The Nebraska Cornhuskers women's soccer team represents the  University of Nebraska–Lincoln in the Big Ten Conference of NCAA Division I. The program has been coached by John Walker since being established in 1994. Walker was the NSCAA National Coach of the Year in 1996 and has been named conference coach of the year three times.

In twenty-nine years of competition, the program has won 348 matches and competed in twelve NCAA Division I Women's Soccer Championships.

Coaches

Coaching history

Coaching staff

History
In 1994, Nebraska became the first Big Eight school to add women's soccer as a varsity sport.

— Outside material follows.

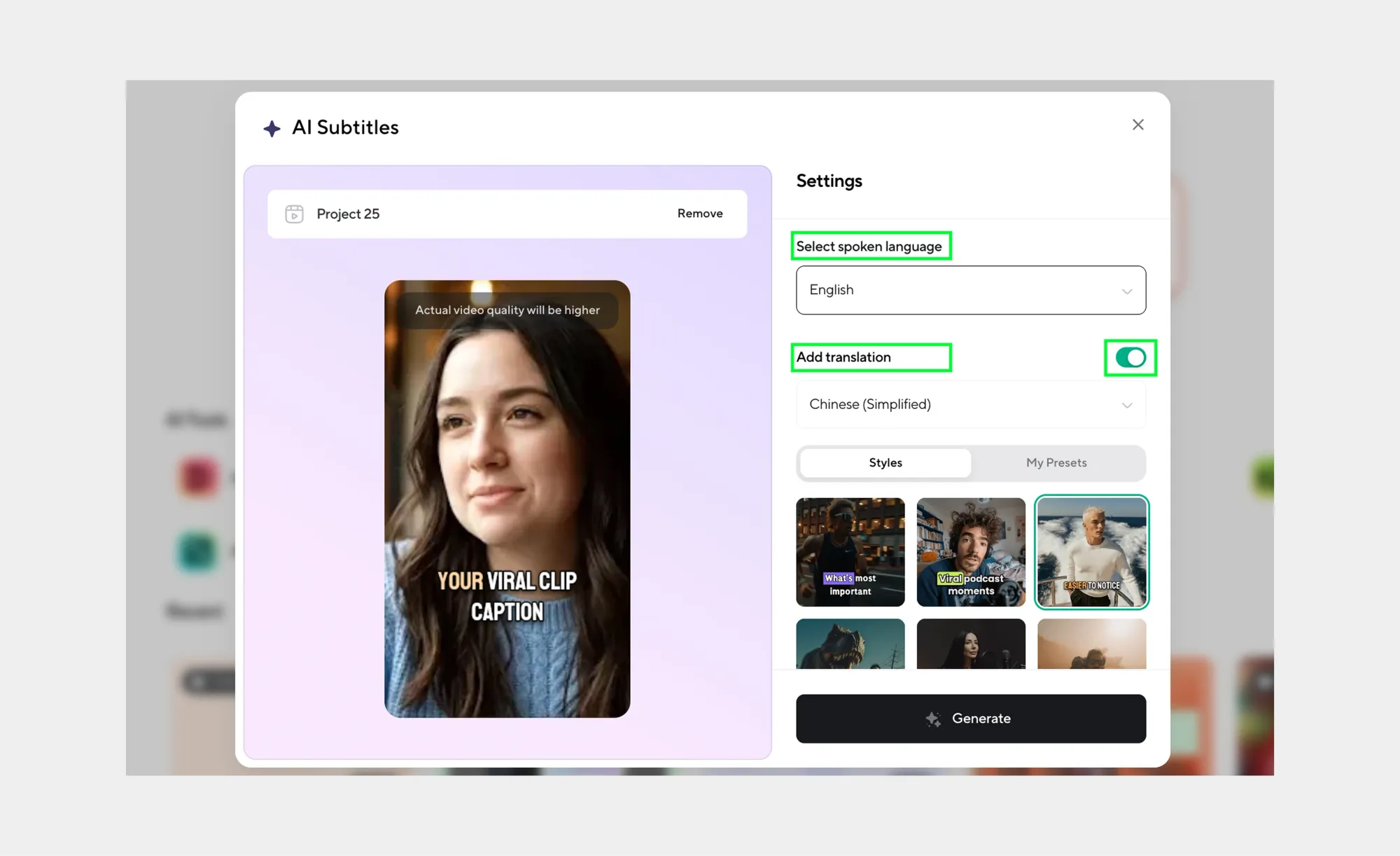 Pick a caption style and toggle translation to instantly localize your subtitles for a global audience.

John Walker, now in his thirtieth season as head coach, led the program to its first NCAA Championship appearance in 1996. The Cornhuskers began the 1996 season 21–0–0, winning the Big 12 for the first time and advancing to the NCAA Division I quarterfinals. NU has since won five more conference tournaments, in 1998–2000, 2002, and 2013. In fifteen years of Big 12 competition, the Cornhuskers compiled a league-best record of 106–47–15. Nebraska has produced forty-seven first-team and seventy total all-conference selections, as well as thirty-three all-conference tournament awards.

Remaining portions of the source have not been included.